- Opening Delimiter -

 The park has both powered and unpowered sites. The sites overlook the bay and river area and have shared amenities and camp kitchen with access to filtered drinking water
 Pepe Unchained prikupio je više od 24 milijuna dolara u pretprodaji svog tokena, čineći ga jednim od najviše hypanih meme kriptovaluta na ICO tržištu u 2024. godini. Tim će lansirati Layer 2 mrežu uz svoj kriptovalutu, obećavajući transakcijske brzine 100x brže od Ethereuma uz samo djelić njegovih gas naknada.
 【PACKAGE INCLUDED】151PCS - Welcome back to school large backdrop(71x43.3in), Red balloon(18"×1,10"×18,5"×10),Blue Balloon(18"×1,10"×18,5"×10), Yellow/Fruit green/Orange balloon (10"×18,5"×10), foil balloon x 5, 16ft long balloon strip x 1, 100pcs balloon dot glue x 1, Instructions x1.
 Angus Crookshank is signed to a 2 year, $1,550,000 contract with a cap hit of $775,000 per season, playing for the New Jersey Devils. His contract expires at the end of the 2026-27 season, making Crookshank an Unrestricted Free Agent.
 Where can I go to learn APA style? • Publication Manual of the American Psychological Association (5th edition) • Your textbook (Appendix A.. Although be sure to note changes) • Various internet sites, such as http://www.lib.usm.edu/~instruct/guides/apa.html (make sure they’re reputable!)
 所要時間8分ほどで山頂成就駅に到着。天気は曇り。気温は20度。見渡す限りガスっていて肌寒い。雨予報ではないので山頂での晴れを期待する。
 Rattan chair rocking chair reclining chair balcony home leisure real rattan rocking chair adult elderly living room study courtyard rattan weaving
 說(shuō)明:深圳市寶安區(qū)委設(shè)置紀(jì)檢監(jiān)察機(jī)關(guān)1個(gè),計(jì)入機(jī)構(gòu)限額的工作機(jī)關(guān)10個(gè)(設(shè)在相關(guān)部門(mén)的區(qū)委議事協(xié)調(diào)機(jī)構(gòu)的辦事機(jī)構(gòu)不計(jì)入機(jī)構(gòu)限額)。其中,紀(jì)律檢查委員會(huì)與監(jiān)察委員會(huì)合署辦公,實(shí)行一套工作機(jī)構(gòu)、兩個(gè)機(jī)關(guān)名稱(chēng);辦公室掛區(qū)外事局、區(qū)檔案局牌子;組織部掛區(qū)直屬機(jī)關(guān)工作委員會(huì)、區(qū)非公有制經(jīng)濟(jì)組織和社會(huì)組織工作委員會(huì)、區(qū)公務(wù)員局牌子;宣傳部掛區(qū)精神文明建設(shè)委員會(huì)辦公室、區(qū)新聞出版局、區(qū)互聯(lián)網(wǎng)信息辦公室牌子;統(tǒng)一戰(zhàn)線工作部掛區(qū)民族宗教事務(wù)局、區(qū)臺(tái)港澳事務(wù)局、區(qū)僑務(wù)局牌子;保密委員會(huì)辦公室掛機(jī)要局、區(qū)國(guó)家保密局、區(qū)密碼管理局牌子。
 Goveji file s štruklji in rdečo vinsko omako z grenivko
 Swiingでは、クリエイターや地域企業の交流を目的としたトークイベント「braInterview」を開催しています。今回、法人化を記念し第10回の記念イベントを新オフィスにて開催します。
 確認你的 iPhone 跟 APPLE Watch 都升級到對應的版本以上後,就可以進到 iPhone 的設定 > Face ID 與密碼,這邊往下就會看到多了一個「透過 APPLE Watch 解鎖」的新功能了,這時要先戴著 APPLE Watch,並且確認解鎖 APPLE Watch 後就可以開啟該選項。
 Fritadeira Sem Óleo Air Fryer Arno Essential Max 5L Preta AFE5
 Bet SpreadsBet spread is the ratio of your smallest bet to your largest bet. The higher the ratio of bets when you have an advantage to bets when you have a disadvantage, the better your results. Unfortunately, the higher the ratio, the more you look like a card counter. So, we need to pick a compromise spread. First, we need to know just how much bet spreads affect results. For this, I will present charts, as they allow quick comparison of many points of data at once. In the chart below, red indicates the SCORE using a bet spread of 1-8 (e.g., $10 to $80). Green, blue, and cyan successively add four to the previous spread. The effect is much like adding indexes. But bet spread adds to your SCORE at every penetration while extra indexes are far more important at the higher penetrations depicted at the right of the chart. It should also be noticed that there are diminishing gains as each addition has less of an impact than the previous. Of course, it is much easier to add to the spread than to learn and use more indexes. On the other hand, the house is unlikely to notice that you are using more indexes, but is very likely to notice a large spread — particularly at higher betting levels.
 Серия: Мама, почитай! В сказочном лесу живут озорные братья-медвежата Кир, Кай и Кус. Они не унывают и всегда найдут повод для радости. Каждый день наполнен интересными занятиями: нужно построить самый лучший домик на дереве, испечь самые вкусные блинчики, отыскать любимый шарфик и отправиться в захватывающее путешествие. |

- Closing Delimiter -

- [EXERCISE GOAL] Lines from the start of the records through the one containing "1, Instructions x1." are what should be retyped, exactly and in full, both ends included.

- [RESULT]
 The park has both powered and unpowered sites. The sites overlook the bay and river area and have shared amenities and camp kitchen with access to filtered drinking water
 Pepe Unchained prikupio je više od 24 milijuna dolara u pretprodaji svog tokena, čineći ga jednim od najviše hypanih meme kriptovaluta na ICO tržištu u 2024. godini. Tim će lansirati Layer 2 mrežu uz svoj kriptovalutu, obećavajući transakcijske brzine 100x brže od Ethereuma uz samo djelić njegovih gas naknada.
 【PACKAGE INCLUDED】151PCS - Welcome back to school large backdrop(71x43.3in), Red balloon(18"×1,10"×18,5"×10),Blue Balloon(18"×1,10"×18,5"×10), Yellow/Fruit green/Orange balloon (10"×18,5"×10), foil balloon x 5, 16ft long balloon strip x 1, 100pcs balloon dot glue x 1, Instructions x1.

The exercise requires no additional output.